Meanwhile, the virus is also attacking the immune system directly, undermining the body's ability to protect itself; the virus inhibits the release of interferon, and interferon is usually the first weapon the body employs to fight viral infection. In 1918 the ability to inhibit the immune system was so obvious that researchers, even while overwhelmed by the pandemic, noticed that influenza victims had weakened immune responses to other stimuli; they used objective tests to prove it.
Even mild influenza viruses can utterly and entirely denude the upper respiratory tract of epithelial cells, leaving it bare, stripping the throat raw. (The repair process begins within a few days but takes weeks.)
Once an infection gains a foothold, the immune system responds initially with inflammation. The immune system can inflame at the site of an infection, causing the redness, heat, and swelling there, or it can inflame the entire body through fever, or both.

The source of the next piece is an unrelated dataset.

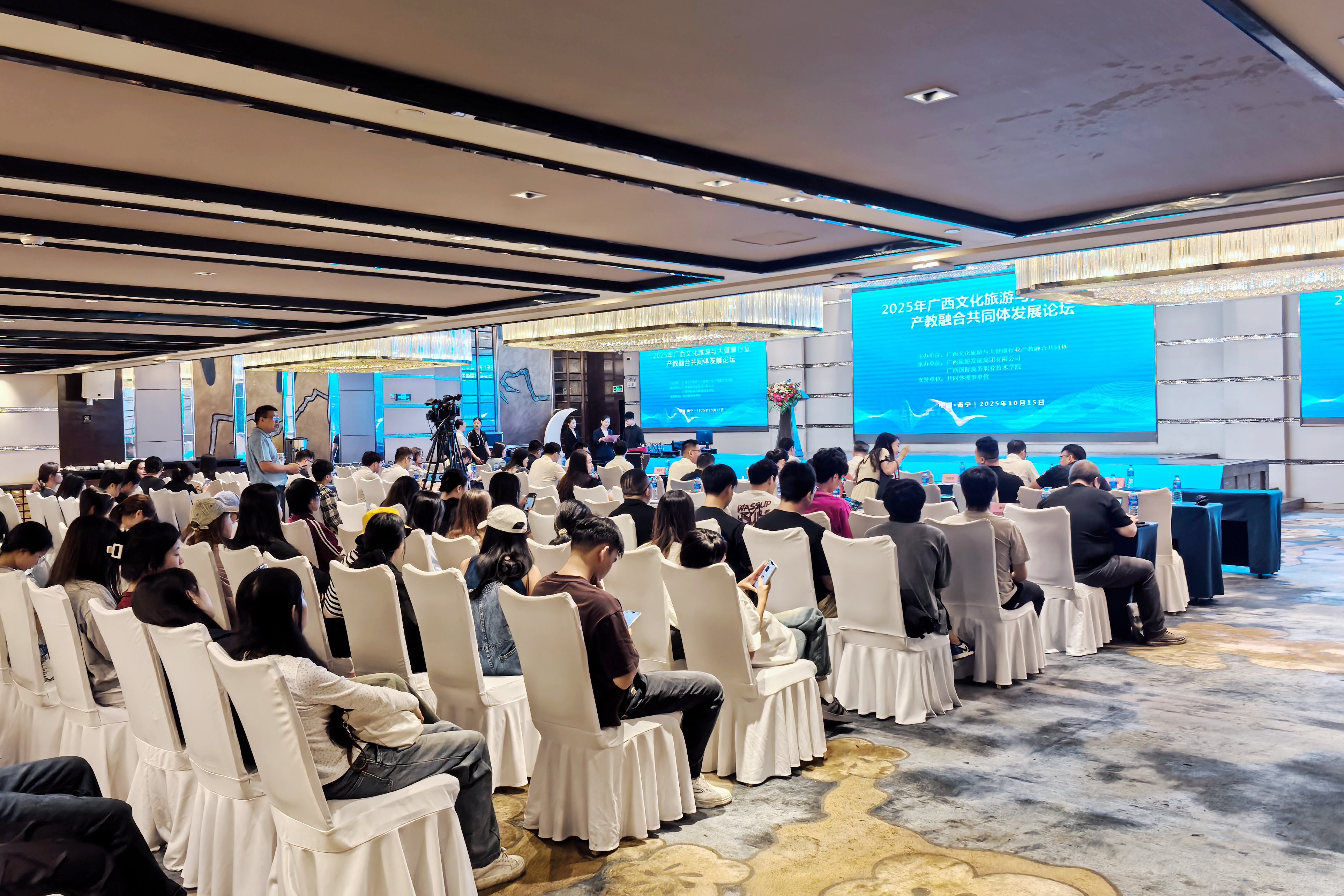 10月15日,“2025年广西文化旅游与大健康行业产教融合共同体发展论坛”在广西南宁成功举办。此次论坛由广西文化旅游与大健康行业产教融合共同体主办,广西旅游发展集团有限公司、广西国际商务职业技术公司联合承办,以“协同创新”为核心,汇聚全区院校、行业、企业等多方代表,共同探索职业教育与文旅大健康产业融合发展新路径。william威廉英国官网作为共同体牵头单位之一,全程深度参与论坛各项议程,william威廉英国官网旅游管理系副主任林轶教授受邀在圆桌论坛环节发表重要观点,为产业高质量发展提供“西大方案”。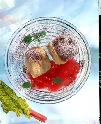 Bring rhubarb, sugar, sliced vanilla pod and 100 ml water to the boil and let it boil for about 5 minutes while stirring. Mix starch with some water until smooth and stir into the rhubarb sauce. Bring to the boil again briefly. Sprinkle the beans with cocoa and icing sugar. Let the sauce cool down and serve it to the pasties. Decorate with lemon balm as desired

The actual process of inflammation involves the release by certain white blood cells of proteins called 'cytokines.' There are many kinds of white cells; several kinds attack invading organisms, while other 'helper' cells manage attacks, and still others produce antibodies. There are even more kinds of cytokines. Some cytokines attack invaders directly, such as interferon, which attacks viruses. Some act as messengers carrying orders. Macrophages, for example, release 'GM CSF,' which stands for 'granulocyte-macrophage colony-stimulating factor' GM CSF stimulates the production in the bone marrow of more macrophages as well as granulocytes, another kind of white blood cell. Some cytokines also carry messages to parts of the body not normally considered belonging to the immune system; several cytokines can affect the hypothalamus, which acts like the body's thermostat. When these cytokines bind to receptors in the hypothalamus, body temperature goes up; the entire body becomes inflamed. (Fever is part of the immune response; some pathogens do not grow well at higher temperatures.) In influenza, fever routinely climbs to 103, and can go higher.

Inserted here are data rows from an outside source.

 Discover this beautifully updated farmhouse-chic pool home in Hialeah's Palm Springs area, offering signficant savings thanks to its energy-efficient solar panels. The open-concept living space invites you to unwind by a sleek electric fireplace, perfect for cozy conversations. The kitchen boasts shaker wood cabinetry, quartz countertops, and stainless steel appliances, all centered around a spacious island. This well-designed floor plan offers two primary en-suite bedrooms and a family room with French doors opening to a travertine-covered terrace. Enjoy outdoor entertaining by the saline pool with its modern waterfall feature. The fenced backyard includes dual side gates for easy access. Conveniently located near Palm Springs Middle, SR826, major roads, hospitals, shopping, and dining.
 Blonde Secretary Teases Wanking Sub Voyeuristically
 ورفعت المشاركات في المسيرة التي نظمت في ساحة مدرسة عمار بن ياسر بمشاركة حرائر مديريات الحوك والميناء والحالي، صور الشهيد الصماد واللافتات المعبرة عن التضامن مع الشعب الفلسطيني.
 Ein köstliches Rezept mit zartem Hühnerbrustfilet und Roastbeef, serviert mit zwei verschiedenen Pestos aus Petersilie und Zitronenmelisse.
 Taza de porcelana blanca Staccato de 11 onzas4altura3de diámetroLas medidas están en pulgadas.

But cytokines themselves also have toxic effects. The typical symptoms of influenza outside the respiratory tract, the headache and body ache, are caused not by the virus but by cytokines. A side effect of cytokines' stimulating the bone marrow to make more white cells, for instance, is likely what aches in the bone.
Cytokines can cause more serious and permanent damage as well. 'Tumor necrosis factor,' to give one example, is a cytokine that gets its name from its ability to kill cancer cells - tumors exposed to TNF in the laboratory simply melt away; it also helps raise body temperature and stimulates antibody production. But TNF is extraordinarily lethal, and not just to diseased cells. It can destroy healthy ones as well. In fact, it can kill the entire body. TNF is a toxin and a major cause of toxic shock syndrome, and it is not the only toxic cytokine.

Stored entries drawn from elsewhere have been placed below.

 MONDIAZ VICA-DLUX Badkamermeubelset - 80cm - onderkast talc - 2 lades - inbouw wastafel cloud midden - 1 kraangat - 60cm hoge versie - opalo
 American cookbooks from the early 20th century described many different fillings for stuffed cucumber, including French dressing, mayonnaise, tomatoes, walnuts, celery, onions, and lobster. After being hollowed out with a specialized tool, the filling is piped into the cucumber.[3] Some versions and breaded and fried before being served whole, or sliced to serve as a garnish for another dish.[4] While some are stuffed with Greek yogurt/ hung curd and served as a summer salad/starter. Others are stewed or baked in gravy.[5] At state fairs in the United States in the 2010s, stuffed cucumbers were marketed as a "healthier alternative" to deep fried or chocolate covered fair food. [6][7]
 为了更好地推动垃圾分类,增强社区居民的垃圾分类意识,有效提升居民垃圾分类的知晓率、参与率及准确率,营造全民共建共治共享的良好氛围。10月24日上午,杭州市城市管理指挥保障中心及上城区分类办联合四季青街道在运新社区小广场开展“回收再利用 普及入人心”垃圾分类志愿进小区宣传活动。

Routinely, the body fights off the influenza virus before it gains a solid foothold in the lungs themselves. But in 1918 the virus often succeeded in infecting epithelial cells not only in the upper respiratory tract but all the way down the respiratory tract into the innermost sanctuaries of the lungs, into the epithelial cells of the alveoli. This was viral pneumonia.
The immune system followed the virus into the lungs and there waged war. In this war the immune system held nothing back. It used all its weapons. And it killed. It killed particularly with 'killer T cells,' a white blood cell that targets the body's own cells when they are infected with a virus, and it killed with what is sometimes referred to as a 'cytokine storm,' a massive attack using every lethal weapon the body possesses.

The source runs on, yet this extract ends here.